A partir de amanhã até o próximo sábado, os bauruenses com idade acima de 16 anos poderão se manifestar a favor ou contra a adesão do Brasil à Área de Livre Comércio das Américas (Alca). As cédulas e urnas para a realização do plebiscito estarão disponíveis nas paróquias da Igreja Católica e nas sedes de sindicatos de trabalhadores, durante o horário comercial.
Para facilitar a coleta dos votos, haverá urnas itinerantes nas escolas públicas e privadas. A União Municipal dos Estudantes Secundaristas (Umesb) será a responsável pela mobilização nas instituições educacionais.

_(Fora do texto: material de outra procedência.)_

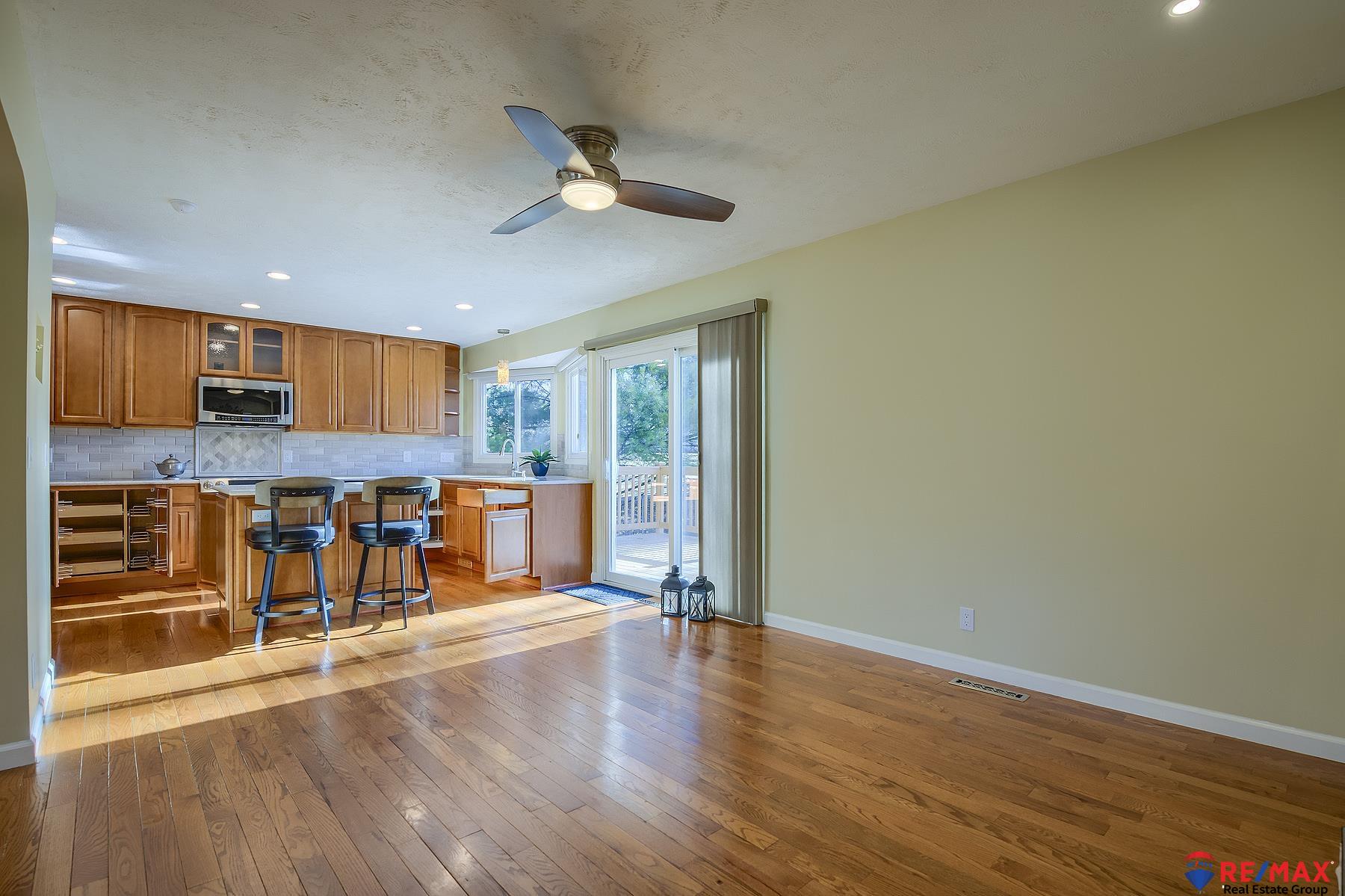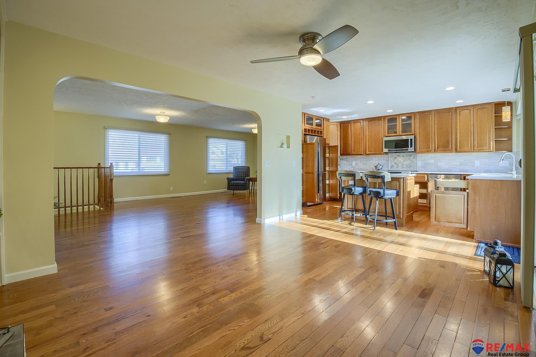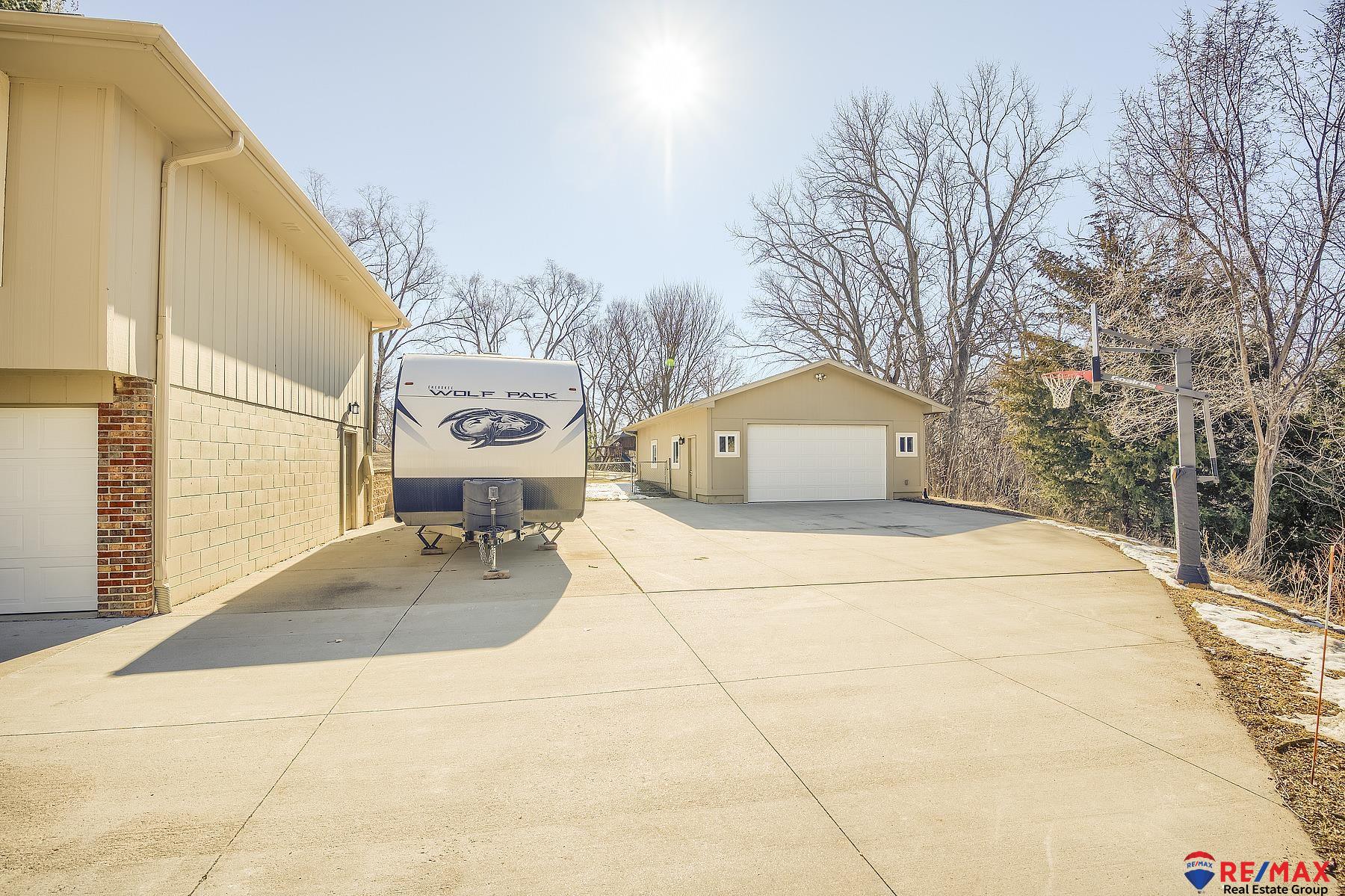 MINI-ACREAGE IN TOWN! 2.5 acres with large 24x38 heated/air conditioned outbuilding w/10 ft. ceilings and is heavily insulated, sealed and has a coated concrete floor. This beautiful home that was remodeled top to bottom with the finest upgrades and is not a typical split entry. Living room plus the family room with fireplace is just off the kitchen which has been totally remodeled with quartz counters and other top features such as roll-out drawers, mixer lift, induction range with double oven, refrigerator, etc. Newer hardwood floors throughout main floor. Large rec room in basement has wet bar with quartz counter, fridge & microwave, full bath with large soaking tub. Hunter Douglas window coverings throughout, extra large parking pad for an RV. Roof, heat/AC 9 years old. House garage is oversized 2-car with insulated doors and openers. There's a 12-zone sprinkler system. Rare gem in Bellevue.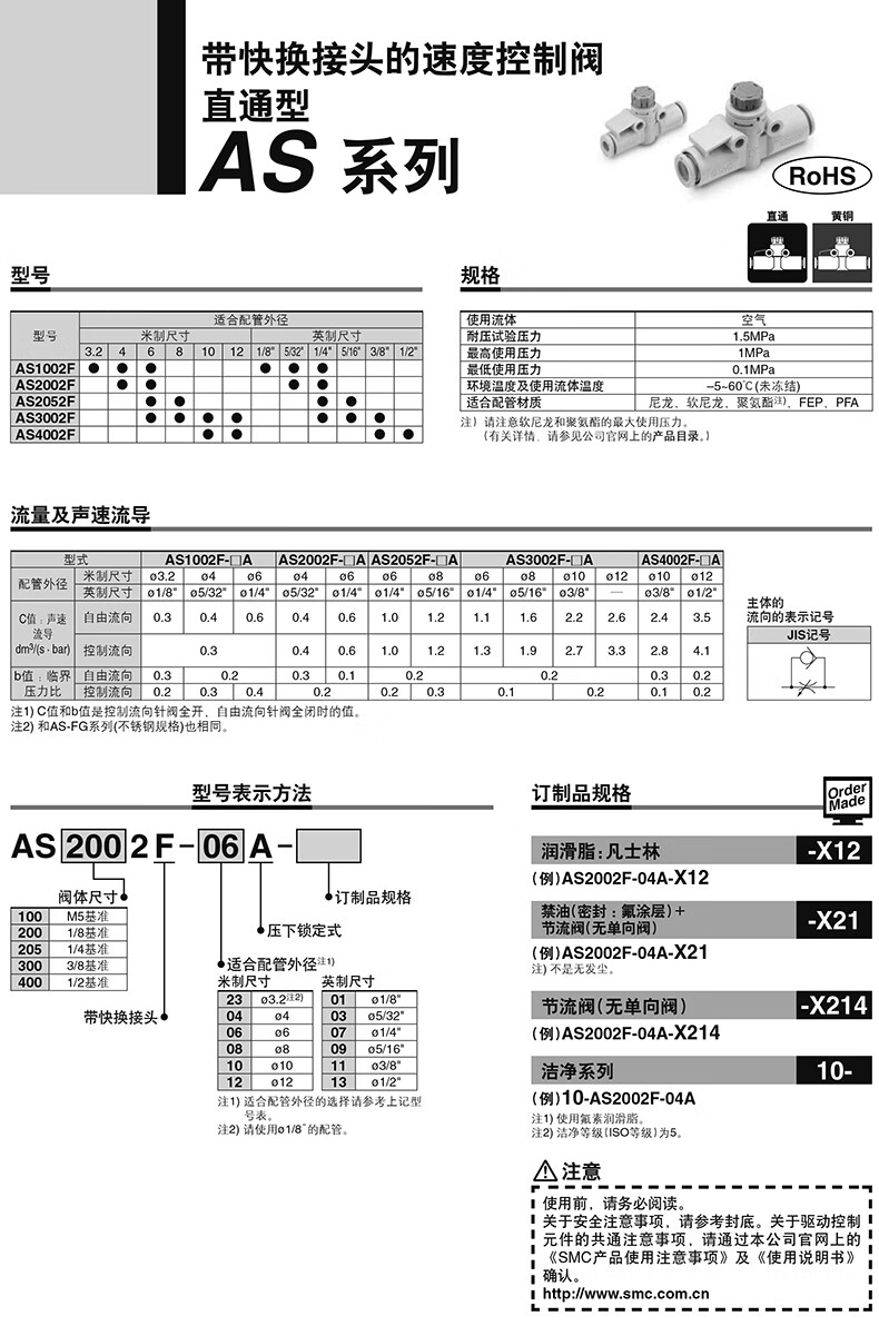 SMC AS系列速度控制阀 AS2052F-08A 带快换接头 直通型 1个
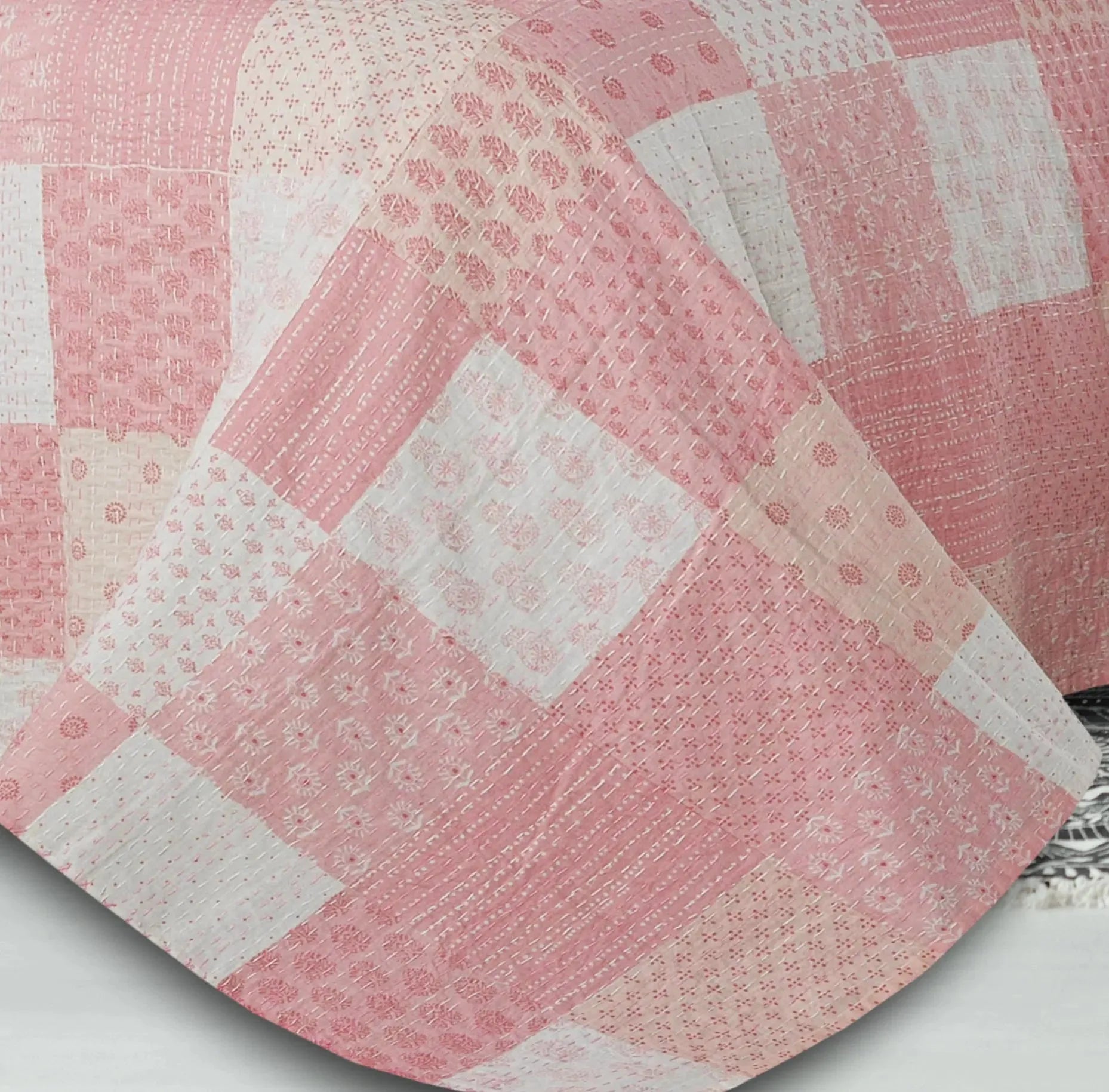 Our Kantha collection is an artisanal study of the bold and rich cultures and traditions of India. These products are handcrafted using a technique passed down through generations wherein the bright and vibrant swatches of saris are carefully stitched together to create intimate works of art that can become family heirlooms. We hope that you enjoy this sincere exchange of culture and tradition, and that your home is enriched by its presence. Each piece is truly one of a kind, the image provided is only a guarantee of color family and general appearance.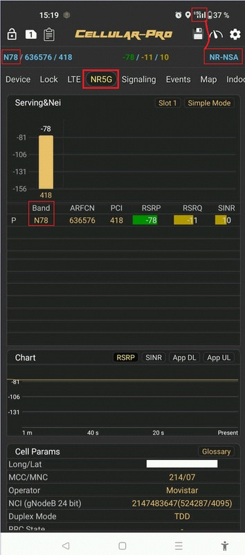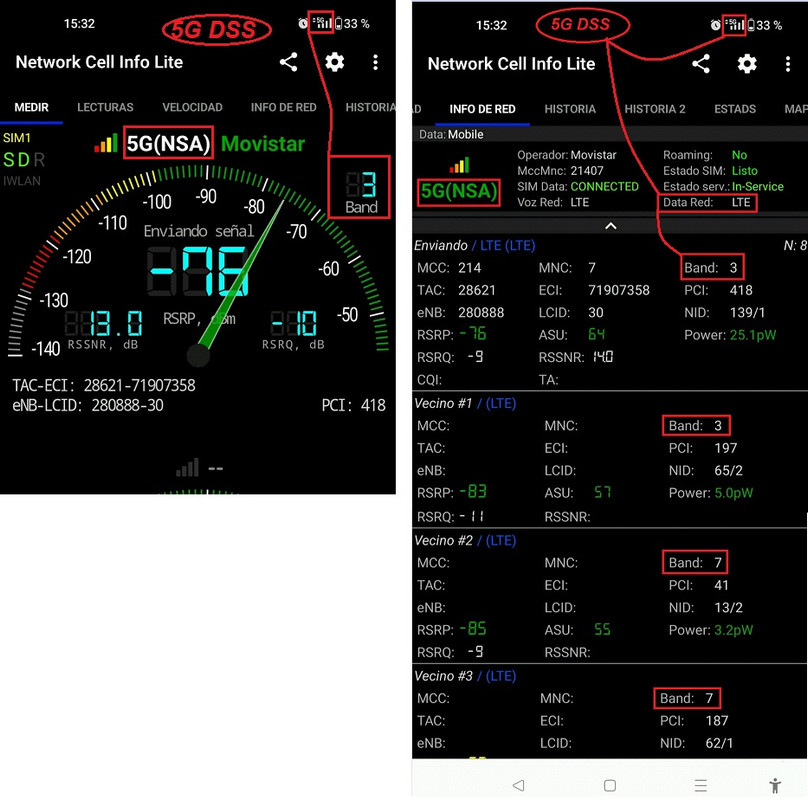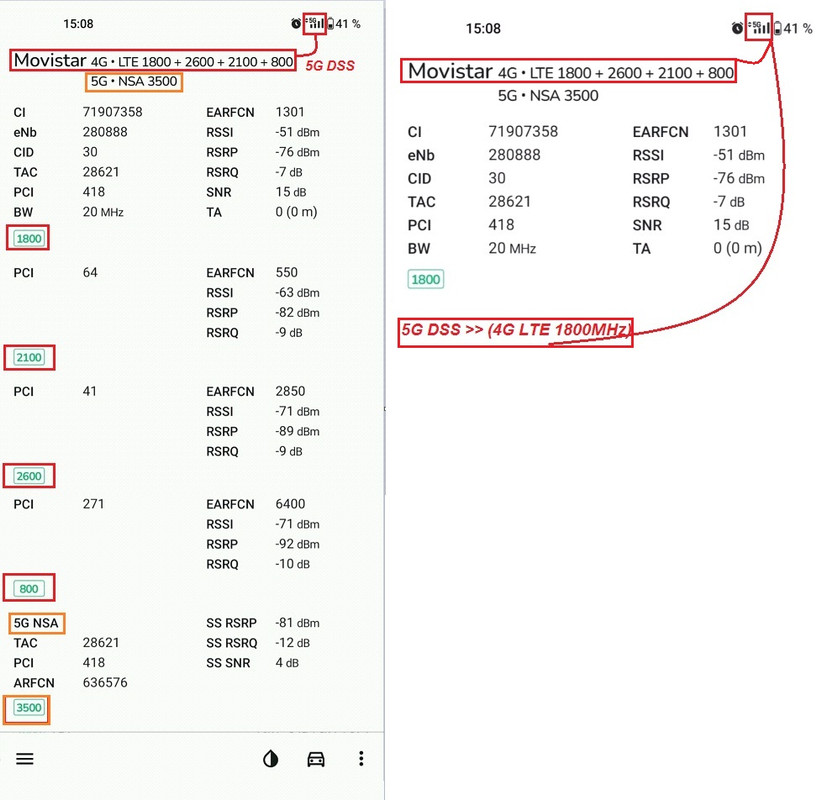 ... yo no he conseguido conectarme todavía, aunque puede ser que en la zona donde me muevo la Estación Base no tenga instalado/configurado Equipos 5G SA En principio los requisitos son: - tener una SIM moderna. Si se conecta a 4G (LTE), entonces, debería poder conectarse a 5G Para comprobar si tienes una SIM moderna compatible con 4G y 5G hacemos una llamada con el código: *#102# y tecla de llamada Si la SIM es compatible con 4G y 5G debe salir un mensaje USSD de este tipo: ![]() -Si en el mensaje USSD sale 4G, entonces, la SIM es compatible con 4G y 5G. Pero es posible que en este caso solo se conecte a 5G NSA y 5G DSS -Si en el mensaje sale 5G, entonces, la SIM es de las más actuales y posiblemente se pueda conectar a 5G SA (en la imagen aparece un mensaje USSD de una SIM 5G comprada a finales de 2023) - Si el mensaje USSD que aparece es del tipo: "P15 32KB", etc. significa que la SIM es antigua y no compatible con 4G, 5G Movistar: conexión del Móvil a 5G SA: Hay informaciones que indican que Movistar actualiza/actualizará vía OTA la SIM para la conexión 5G SA, debido a que en 5G es obligatorio que el código identificador de la línea vaya encriptado, cosa que no ocurre en 4G. Se supone que esa actualización se refiere a SIM modernas que indican 4G en el mensaje USSD, aunque no sé si también afectará a las más actuales que indican 5G en el mensaje USSD Comprobar la Banda, la Frecuencia, etc. a la que está conectado el Móvil: Aunque el Movil indique que está conectado con 5G existen distintos tipos de tecnologias, que explicado de una forma muy simple: - 5G DSS (Dinamic Spectrum Sharing) que combina las mismas frecuencias del 4G (agregación de Bandas 4G= se utilizan varias bandas de forma simultánea) y utiliza el mismo enlace portador del 4G para mandar los Datos 5G (el Core es 4G y el enlace portador es el del 4G) - 5G NSA (Non Stand Alone) el Core es 4G y el enlace portador para mandar Datos es especifico del 5G - 5G SA (Stand Alone) el Core es 5G y el enlace portador es 5G App gratuitas con información de Tecnología, Banda, Frecuencia, etc. sin tener el Móvil Rooteado Ejemplos de App usadas con el Móvil OnePlus 9 Pro y con señal 5G de la misma Antena (Estación Base) App NetMonster Ejemplo de una conexión 5G DSS (agregación de Bandas 4G=se utilizan varias bandas de forma simultánea) ![]() App Cellular-Pro Ejemplo de una conexión 5G NSA: Banda 78 Frecuencia 3500MHz ![]() App Network Cell Info Lite Ejemplo de una conexión 5G DSS (agregación de Bandas 4G: Banda 3, Banda 7) que la App identifica como 5G NSA (es la misma conexión que la de la App NetMonster) ![]() App Net monitor Ejemplo de una conexión 4G con OnePlus 9 Pro en entorno RURAL : Banda 20, Frecuencia 800MHz -el Movil OnePlus 9 Pro indentifica la conexión como 4G+ al lado de las rallitas de la señal, quizas para indicar que está conectado en 4G a la Banda de mayor penetración (Banda 20 Frecuencia 800MHz), aunque más bien si el icono 4G+ corresponde con LTE Advanced, entonces, indica agregación de Bandas 4G (con la combinación simultánea de dos frecuencias 4G se consige más velocidad) ![]() Otra App que da mucha información es la App Network Signal Guru, pero se necesita un Movil Root; aunque con las App anteriores obtenemos información más que suficiente etc. Bandas y Frecuencias de 5G SA de Movistar: Dependiendo de la localidad y de la Estación Base (antena) las Bandas y Frecuencias 5G disponibles cambiarán, pero en principio las Bandas y Frecuencias del 5G SA en Movistar son: - Banda 78 Frecuencia 3500MHz en las App debe aparecer como 5G SA y al lado de las rallitas de la señal del Movil aparece 5G - Banda 28 Frecuencia 700Mhz en las App debe aparecer como 5G SA y al lado de las rallitas de la señal puede aparecer como 5G+, en lugar de 5G, dependidendo de la marca del Móvil. (Aunque hay informaciones comerciales que identifican 5G+ como 5G SA, eso debe ser simplemente para identificar que el 5G es SA, ya que para 5G SA Banda 78 Frecuencia 3500MHz, al lado de las rallitas con la señal del Movil aparece 5G y para la Banda 28 Frecuencia 700MHz en algunos Móviles aparece 5G+, quizas para indicar que estamos conectados a la Banda 5G de mayor penetración: la Banda 28 Frecuencia 700MHz tiene mayor penetración que la Banda 78 frecuencia 3500MHz)... el icono 5G+ no tiene nada que ver con el 5G Advanced (=icono 5GA) ya que todavía no se ha desplegado (sólo está desplegado y en pruebas en China desde marzo 2024) Identificar la Estación Base y las Bandas y Frecuencias de la que el Movil coge cobertura Sabiendo la dirección de la Estación Base podemos ver qué Bandas y Frecuencias tiene Localizador de Estación Base para ver los equipos instalados (Bandas y Frecuencias): https://geoportal.minetur.gob.es/VCTEL/vcne.do ¡Feliz año! Última edición por josemar99 Día 16/08/24 a las 13:11:48. Razón: 4G+ _ LTE Advanced _ 5G+ _ 5GA = 5G Advanced |

Os sindicatos também vão correr as bases para que os trabalhadores se manifestem sobre a Alca. Uma outra opção é o Calçadão da Batista. Uma urna estará disponível na quadra 6, de segunda a sexta-feira, das 9h às 17h.
As cédulas vão trazer impressas três perguntas: 1 - O governo brasileiro deve assinar o tratado da Alca?; 2 - O governo brasileiro deve continuar participando das negociações da Alca; 3 - O governo brasileiro deve entregar uma parte do nosso território - a Base de Alcântara (MA) - para o controle militar dos Estados Unidos?
O que é a Alca?
Embora tenha sido formalizada há sete anos, a Área de Livre Comércio das Américas somente agora começa a chamar a atenção dos brasileiros para uma discussão mais aprofundada.
As incertezas sobre as vantagens e desvantagens do Brasil aderir ao bloco econômico acabaram unindo os segmentos organizados da sociedade.
Formada por 34 países, que juntos somam um mercado de 800 milhões de pessoas e um Produto Interno Bruto (PIB) de US$ 11 trilhões, a Alca deverá ser a maior zona de livre comércio do mundo.
O bloco inicia-se no Alasca (extremo Norte da América) e atravessa todo o continente americano - inclusive os países do Caribe (a exceção de Cuba) - até chegar a Patagônia (extremo sul, na Argentina).
As negociações para aparar diferenças entre os 34 países avançam e, se não houver surpresa, a partir de janeiro de 2005 as barreiras alfandegárias no bloco vão fazer parte do passado.